With appropriate infrastructure, a streamlined process between data capture, analytics and implementation can exist to predict outcomes for patient data at a new clinical encounter or visualise patient trajectories over time to support or inform clinical practice (figure 5). As EHR data grow large over time, the algorithms can and should be updated to reflect newer cohorts or include new information. The process is easily severed if steps for implementation are not considered or followed through, which risks an abundance of models that fail to be implemented into clinical practice. It is therefore necessary that models are developed to be generalisable, unbiased and interpretable with good clinical performance, and consider regulatory, clinical and ethical frameworks for implementation.

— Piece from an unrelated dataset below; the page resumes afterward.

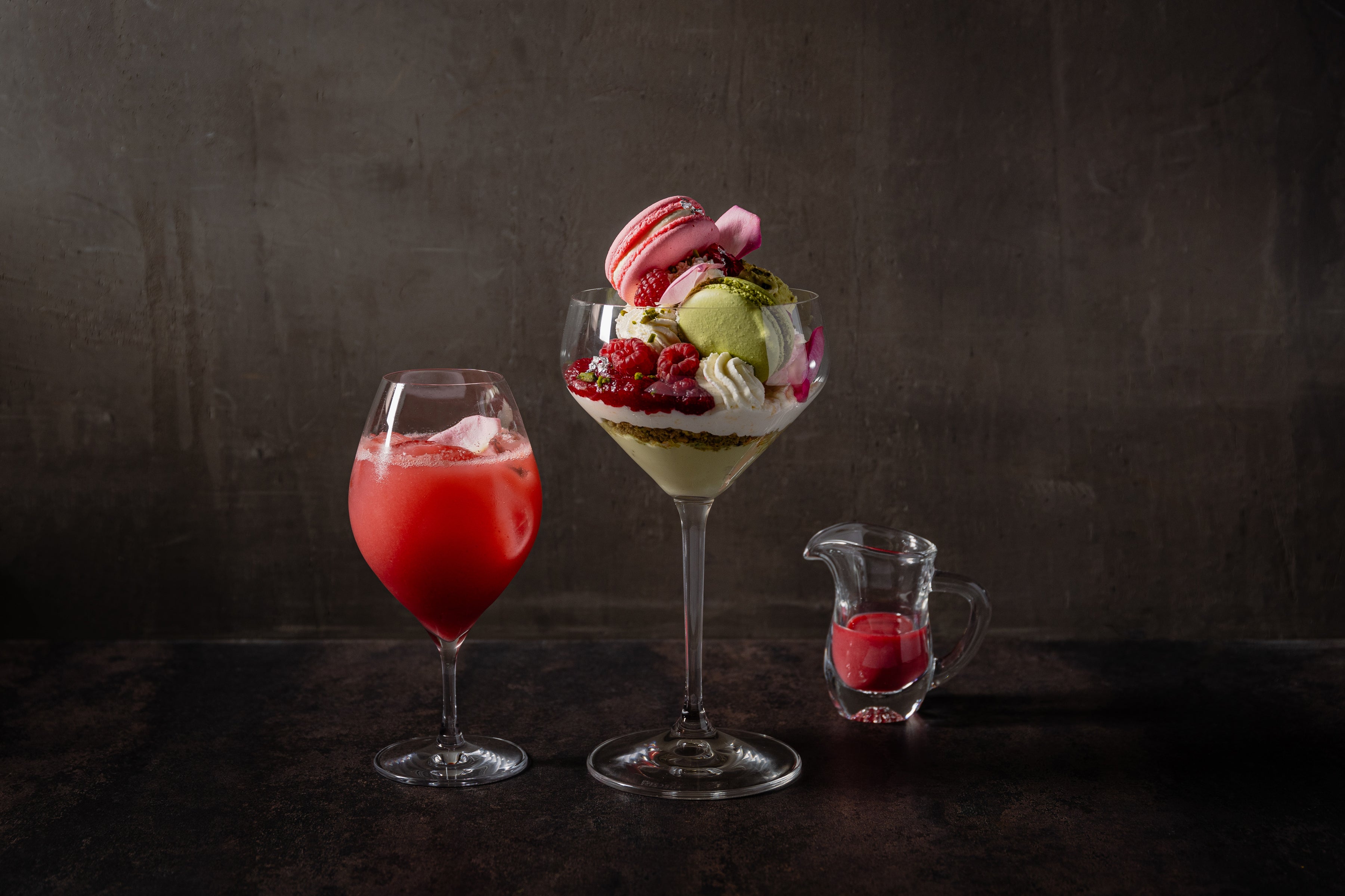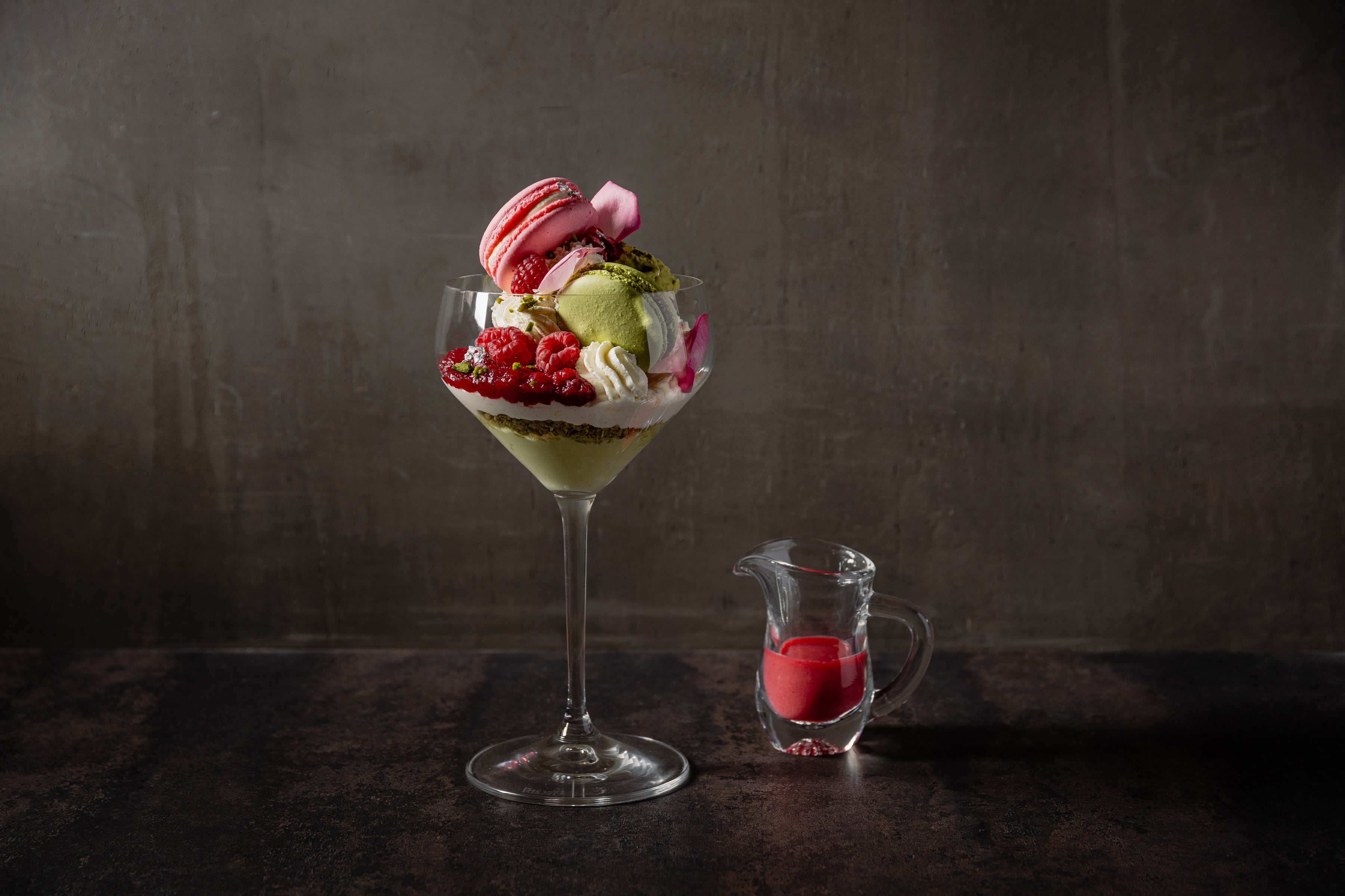 プロデューサー林のパティシエ人生の原点とも言える「マカロン」をこだわり抜いたレシピで仕上げ、ピスタチオ、フランボワーズの2種類をベースにアーモンド菓子であるマカロンのナッティな風味とピスタチオの濃厚な自家製アイスクリーム、フランボワーズとライチとローズを合わせたソースが美しく華やかな余韻を感じさせる芸術的なパフェ。ピスタチオとフランボワーズの美しいマリアージュをお楽しみください。

Figure 5Opportunity for machine learning (ML) in clinical care with the availability of electronic health records (EHR) systems. Patient data at each clinical encounter is stored in secured databases or analytical platforms, which have the capacity or potential to be accessed by researchers. Open-source software in healthcare means collaboration is more feasible in developing ML models. Following the appropriate steps for regulation and implementation, the resulting algorithms can be fed back into EHR systems to calculate the risk of poor outcomes for incoming data from a new clinical encounter. This can be accessed by clinicians to support or inform clinical care and decision-making. The analytical approach also has the potential to merge data from external sources, such as research or wearable devices to improve model performance. Furthermore, patients can often now access their own EHR data through apps and online patient portals. This has the potential to display the results of individual calculated risks should it be considered appropriate and the appropriate regulatory or governance processes applied.